*** Opening Given material ***
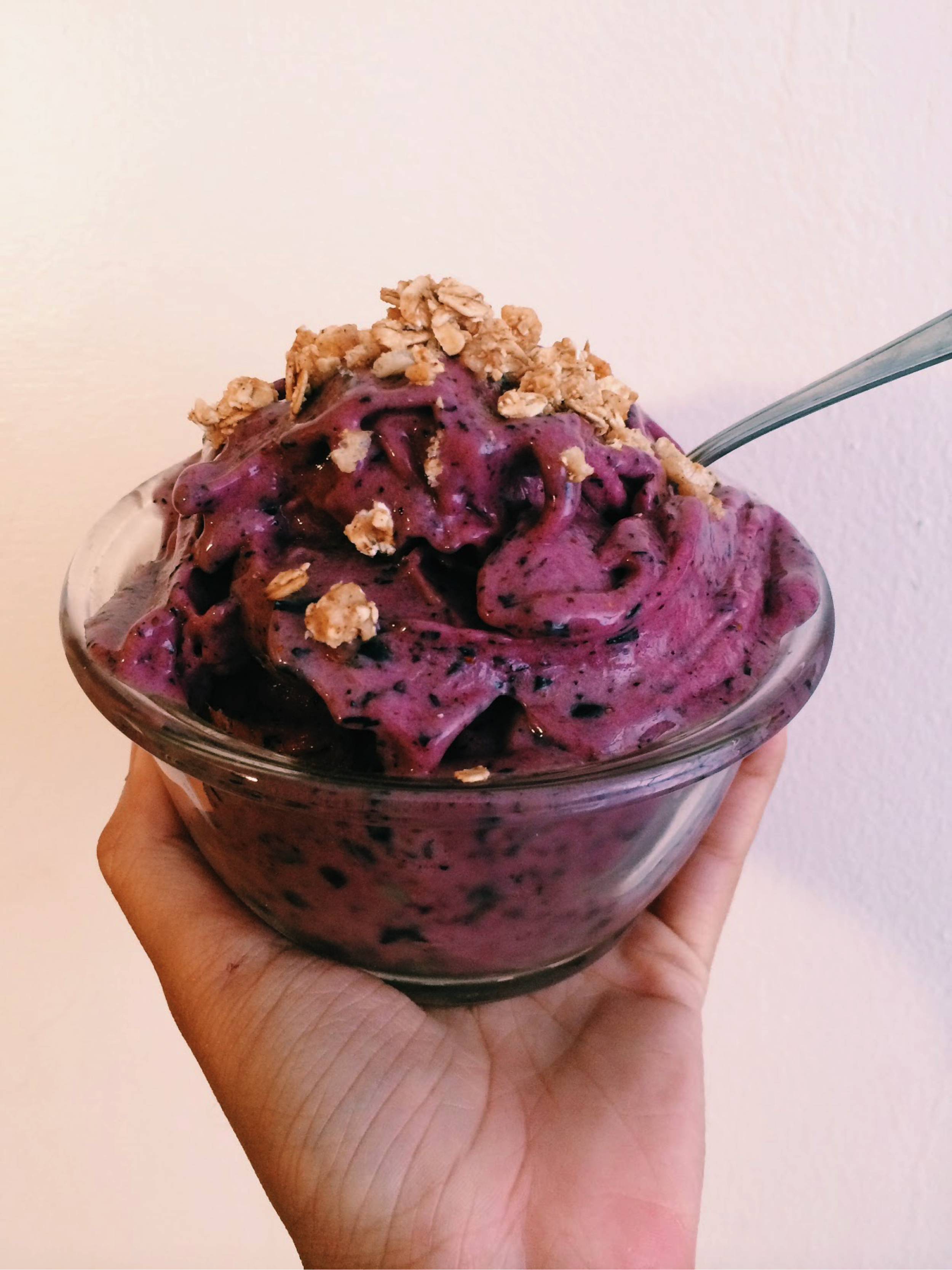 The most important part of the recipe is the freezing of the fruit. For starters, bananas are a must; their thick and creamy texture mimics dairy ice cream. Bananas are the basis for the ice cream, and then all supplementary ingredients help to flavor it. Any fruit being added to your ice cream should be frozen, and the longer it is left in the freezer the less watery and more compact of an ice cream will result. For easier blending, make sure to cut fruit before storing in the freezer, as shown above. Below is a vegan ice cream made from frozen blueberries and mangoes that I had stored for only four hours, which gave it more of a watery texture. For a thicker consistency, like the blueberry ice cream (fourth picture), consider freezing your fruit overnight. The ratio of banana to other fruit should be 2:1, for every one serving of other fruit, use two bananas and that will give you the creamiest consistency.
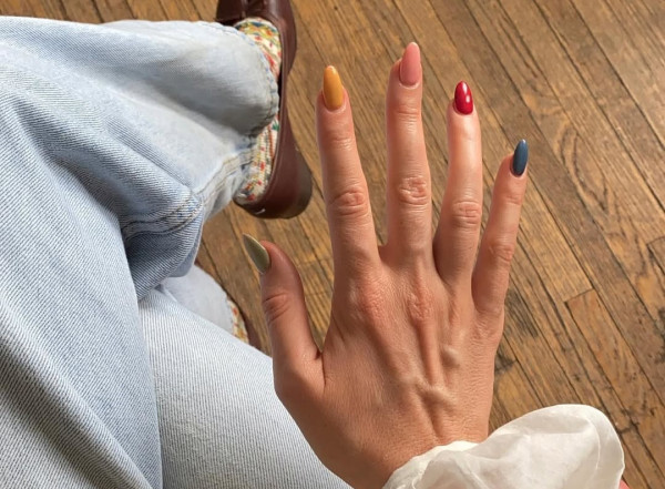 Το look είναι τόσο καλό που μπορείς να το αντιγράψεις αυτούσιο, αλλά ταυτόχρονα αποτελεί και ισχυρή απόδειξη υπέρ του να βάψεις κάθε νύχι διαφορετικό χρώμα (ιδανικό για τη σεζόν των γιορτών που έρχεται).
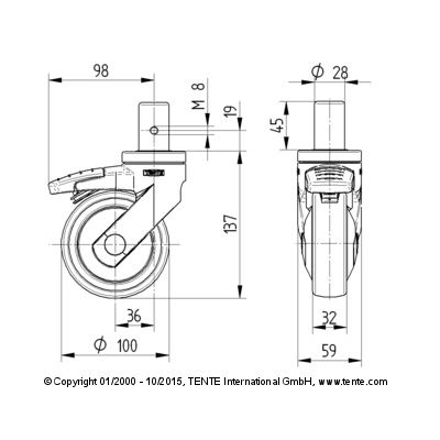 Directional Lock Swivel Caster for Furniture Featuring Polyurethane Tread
*** Closing Given material ***
Exercise prompt: Repeat word for word the lines from the one holding "Το look είναι" through the last line of the listing above, including both ends. Drop the pictures.

Exercise solution:
 Το look είναι τόσο καλό που μπορείς να το αντιγράψεις αυτούσιο, αλλά ταυτόχρονα αποτελεί και ισχυρή απόδειξη υπέρ του να βάψεις κάθε νύχι διαφορετικό χρώμα (ιδανικό για τη σεζόν των γιορτών που έρχεται).
 Directional Lock Swivel Caster for Furniture Featuring Polyurethane Tread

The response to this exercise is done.